There's a charming article by Hannah Seligson over at The Daily Beast on the "science" of when to get married. (I've put scare quotes around "science" only because it's not a science at all.) On the one hand, it's rather obvious that making romantic decisions isn't exactly a rational process. Charles Darwin, for instance, made up a spreadsheet of reasons why he should and shouldn't marry Emma Wedgewood.
In the "Marry" column, Darwin entered: "Home and someone to take care of house--Charms of music and female chit-chat. These things good for one's health. Forced to visit and receive relations but terrible loss of time. My God, is it intolerable to think of spending one's whole life, like a neuter bee, working, working, & nothing after all."
The antipode to those points, in the "Not Marry" column, was: "Freedom to go where one liked--Choice of Society and little of it. Conversations of clever men at clubs. Not forced to visit relatives, and to bend to every little trifle."

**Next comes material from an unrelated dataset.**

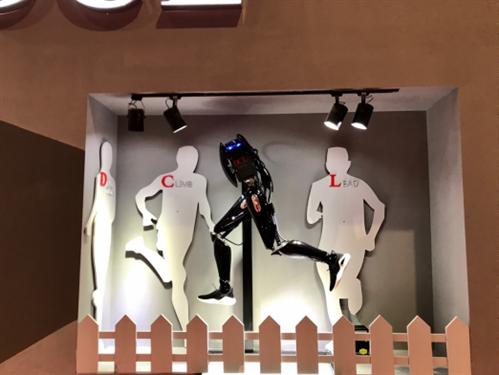 运动产品品牌馆橱窗展示,科技、品牌理念DCL的解说、设计等打光、机器人道具的视觉冲击,把此品牌注重科技产品的理念传达非常强烈。

Needless to say, Darwin didn't find this list very helpful. We can justify just about any alternative, which is why neurological patients who have lost the ability to experience emotion become so pathologically indecisive. Pascal said it best: "The heart has its reasons, of which reason knows nothing."
And yet, as Darwin also knew, it can be incredibly difficult to disentangle the knot of feelings coursing through our emotional brain. Is this love? Or is it lust? Can I really spend the rest of my life with this one person? Or am I just going through a needy phase? If our emotions weren't so vague and ambiguous, then the romantic comedy genre wouldn't exist.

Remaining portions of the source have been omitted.